—Appeal by the defendant from a judgment of the Supreme *701Court, Queens County (Rotker, J.), rendered June 9, 1987, convicting bim of criminal possession of a controlled substance in the third degree and criminal sale of a controlled substance in the third degree, upon a jury verdict, and imposing sentence.
Ordered that the judgment is affirmed.
The defendant was convicted of having sold two glassine envelopes of heroin to an undercover officer during a so-called "buy and bust” operation in Corona, Queens. He was arrested immediately after the sale. A search of his person produced a glassine envelope containing heroin, a beeper and $281 cash, $20 of which was prerecorded money used by the undercover officer in effectuating the purchase.
The defendant contends on this appeal that the introduction into evidence of the beeper and the money (other than the prerecorded money) in his possession constitutes reversible error. We do not agree. The crime charged herein of possession of a controlled substance in the third degree requires that the People prove beyond a reasonable doubt that the defendant possessed the heroin with the specific intent to sell it (see, Penal Law § 220.16 [1]). Evidence of currency found on the defendant’s person at the time of his arrest is probative of this "intent to sell” and therefore this evidence was properly admitted (see, People v Jones, 138 AD2d 405; People v Wheeler, 140 AD2d 731; People v Milom, 75 AD2d 68; cf., People v Lizzarra, 70 AD2d 572). Similarly, the admission into evidence of the beeper was proper, since the jury could properly infer that it was used by the defendant in the business of drug dealing to keep in touch with his customers and suppliers (see, People v Ortiz, 152 AD2d 755). Hence, the evidence that the defendant possessed a beeper was probative of his intent to sell narcotics.
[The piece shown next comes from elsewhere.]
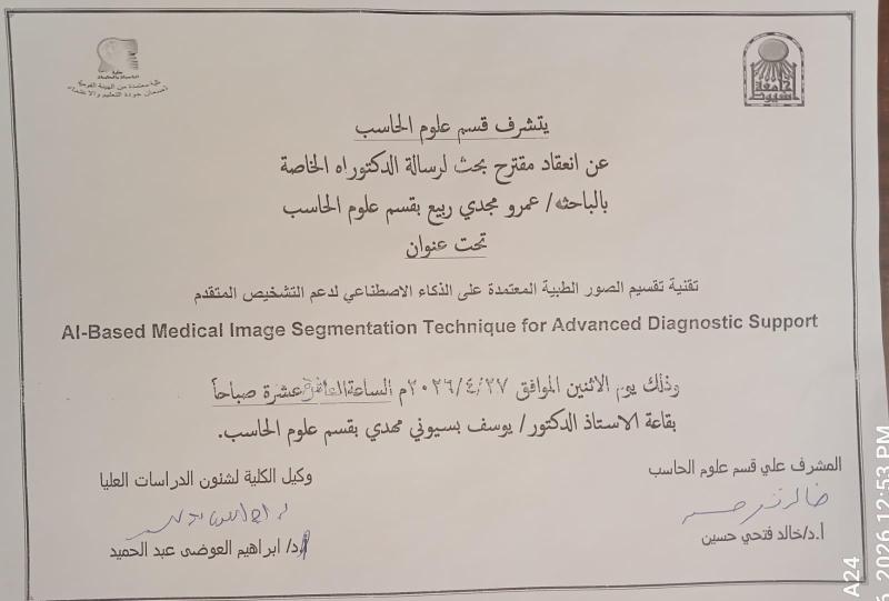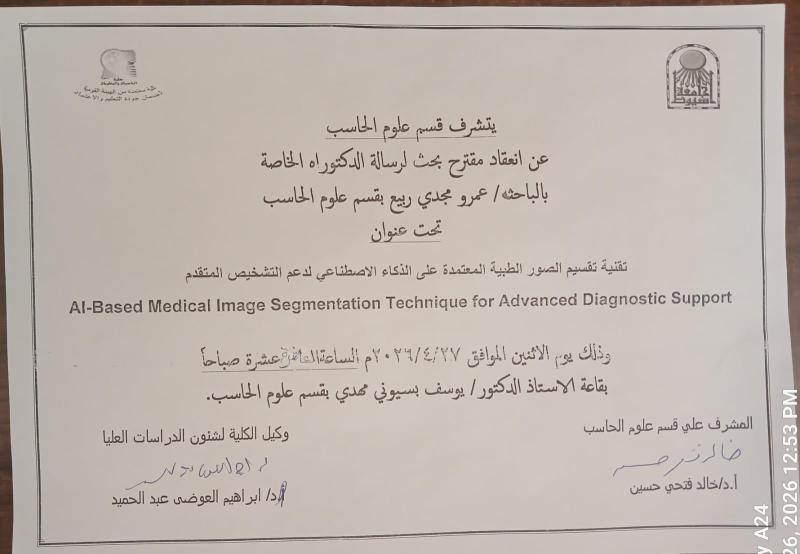 دعوة انعقاد مقترح بحث لرسالة الدكتوراه الخاصة بالباحث / عمرو مجدي ربيع بقسم علوم الحاسب 27 أبريل 2026

The defendant’s further contention that the court erred in allowing him to be cross-examined by the prosecutor in such a fashion as to force him to characterize the prosecution witness as a liar by asking him whether a police witness had made up his testimony, while of some merit (see, People v Mariable, 58 AD2d 877; People v Perez, 69 AD2d 891; People v Santiago, 78 AD2d 666), is, nevertheless, harmless in view of the overwhelming evidence of guilt presented in this case (see, People v Crimmins, 36 NY2d 230). Thompson, J. P., Brown, Kunzeman and Rubin, JJ., concur.